1 + 2 + 4 + 8 + ... = -1

Not really. 0 =/= 1 + 2(S), so you cannot say S = -1

The sum S doesn't converge, so you're essentially saying an one aleph-null infinity is the same as another aleph-null infinity. Big deal.

It does converge using the "p-adic norm" - i.e., if you change the way in which you measure the difference between two numbers.

If you take a rational number n and write it in the form
[LATEX]\displaystyle n=\frac{2^k r}{s}[/LATEX], where r and s are odd integers, and where k is a positive or negative integer, then the 2-adic norm of n is [LATEX]\|n\|_2 =2^{-k}[/LATEX]. The norm is a measure of how big a number is.

So, for instance [LATEX]\displaystyle \| 3 \|_2 = 1; \|4\|_2 = \frac{1}{2}; \left\|\frac{7}{12}\right\|_2 = 4[/LATEX]. It's a strange notion: 3 is a "bigger" number than 4, and both are "smaller" than 7/12!

We can show that the sum in the OP converges in the 2-adic norm to -1. We look at the size of the different between the first n terms in the sum, and the supposed limit -1:
[LATEX] \displaystyle
\| S_n - (-1) \| = \left\| \sum_{k=0}^n2^k -(-1) \right\| = \| 2^{n+1} -1 +1 \| = \| 2^{n+1} \| = \frac{1}{2^{n+1}} \rightarrow 0
[/LATEX] as [LATEX]n \rightarrow \infty [/LATEX]. So in the 2-adic norm, [LATEX]\displaystyle \lim_{n\rightarrow \infty} \sum_{k=0}^n 2^k =-1[/LATEX] .

The p-adic norm actually has some pretty nice "applications" - it's not a triviality! Naturally, the Wikipedia article doesn't mention these...but I've seen some, and they are nice.

Last year at the Irish Student Math Conference a professor from NUI Maynooth proved a theorem about binomial co-efficients using p-adic norms. Fix a rational number a. Then if the denominator of the binomial coefficient [LATEX]\displaystyle {a \choose k}= \frac{a(a-1)...(a-n+1)}{k!}[/LATEX] (for k an integer) has a given prime p in it, then a also has the same p in its denominator.

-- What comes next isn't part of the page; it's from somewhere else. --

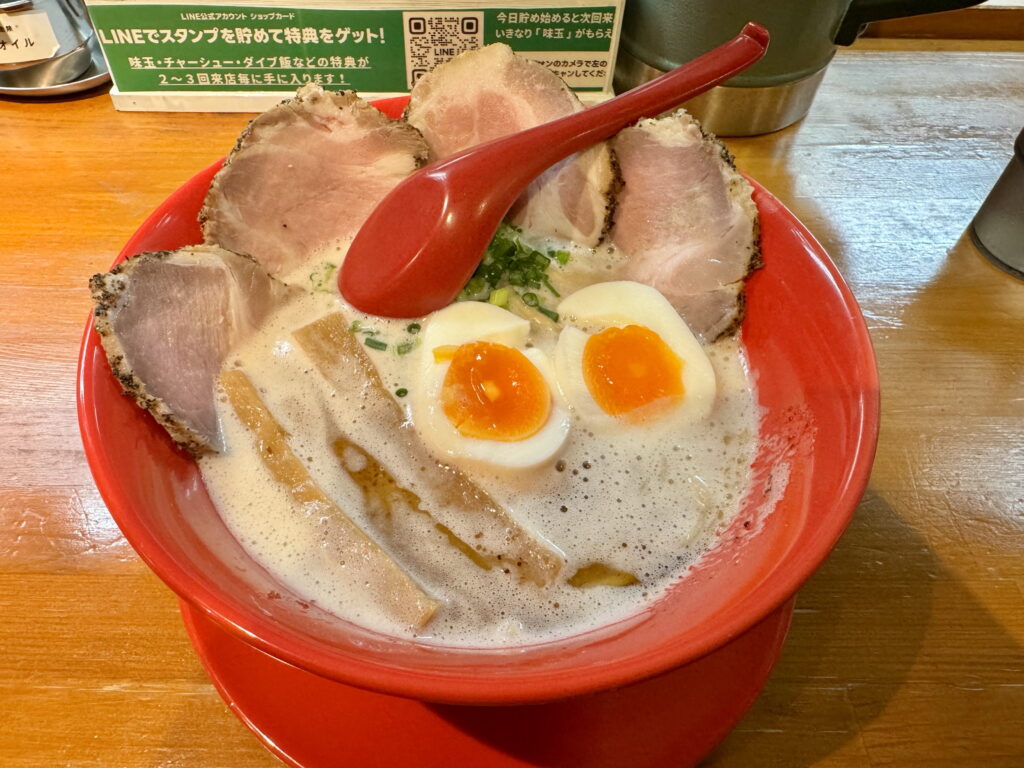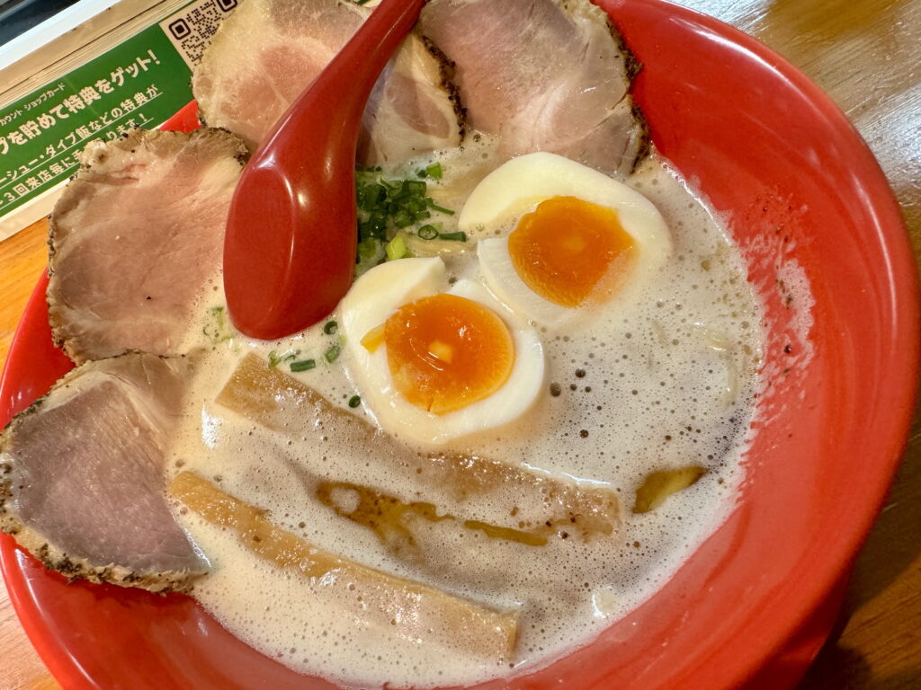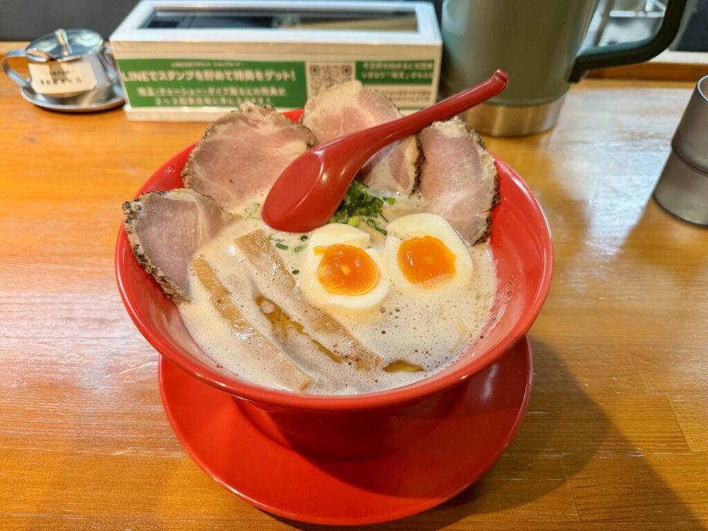 今回いただいたのは看板メニューの豚骨ラーメン。
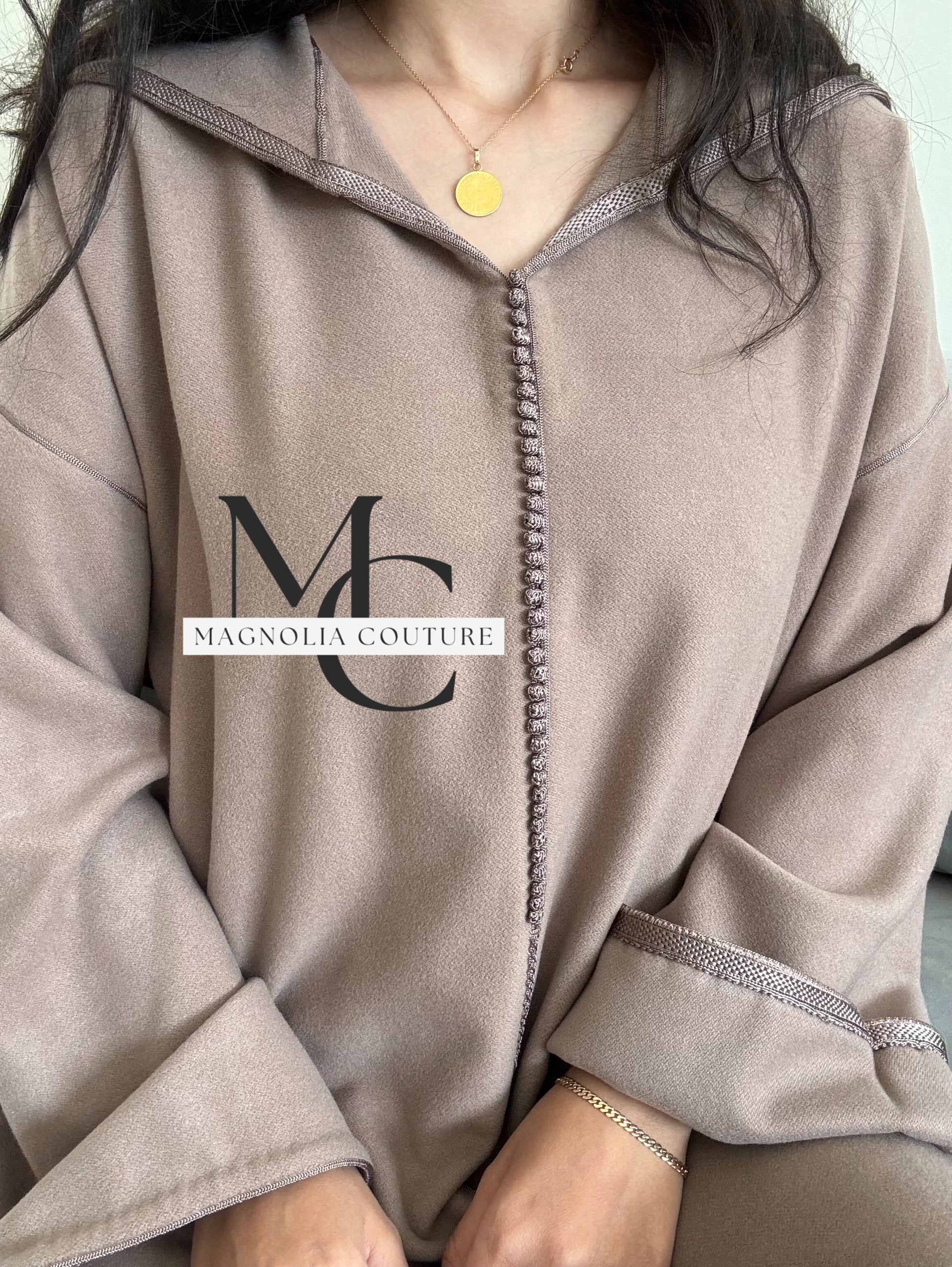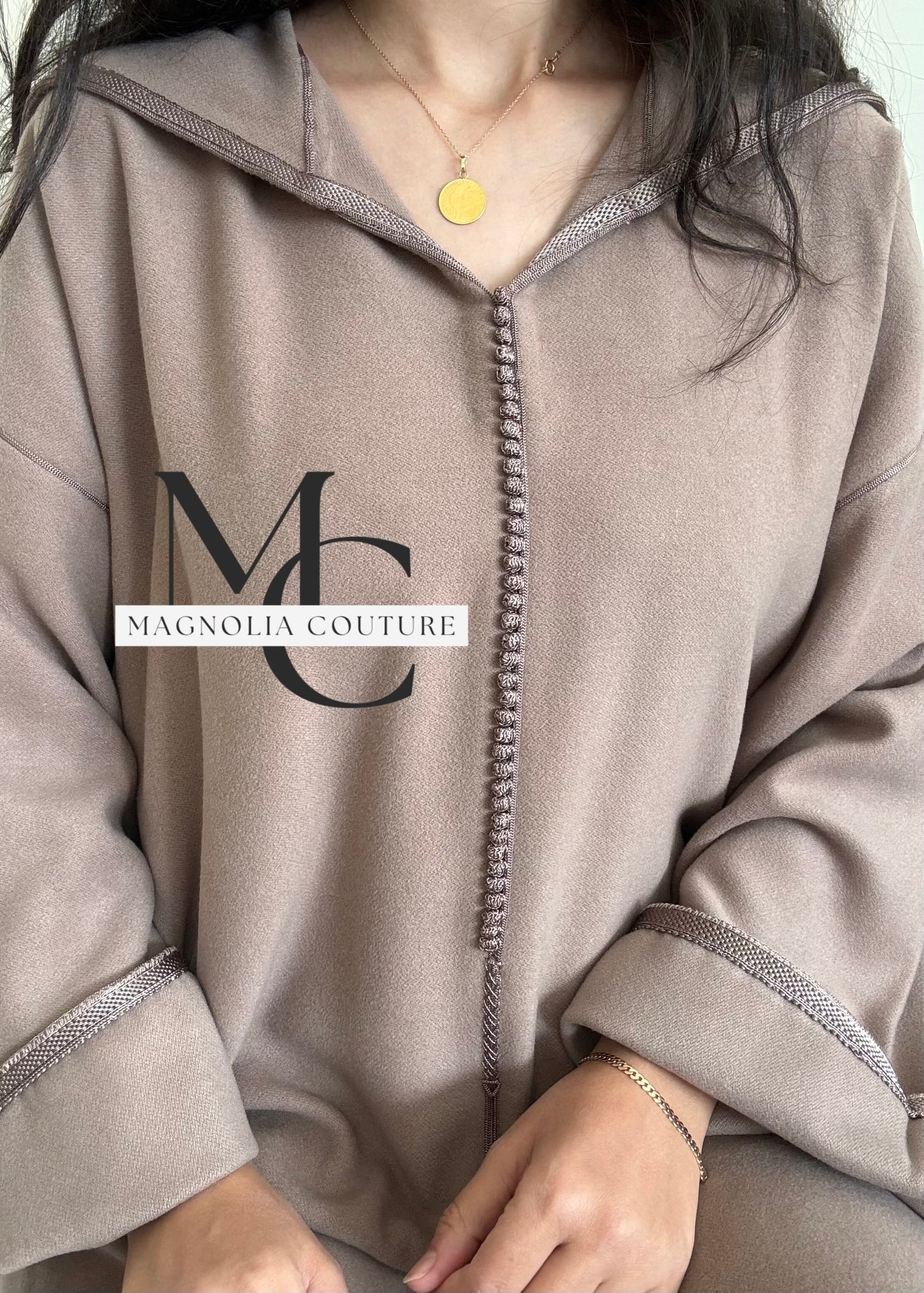 Description : Djellaba en tissu mlifa cachemire, minutieusement confectionnée à la main avec berchmane. Un must-have pour l’hiver.

The approach was to show that the function [LATEX]\displaystyle a \mapsto {a \choose k}[/LATEX] is continuous with respect to the p-adic norm, and that hence the inverse image of some closed set was closed, and then something about the inverse image only containing numbers with primes p in their denominator. It was a nice mix of arithmetic/algebra/kind of number theory with analysis.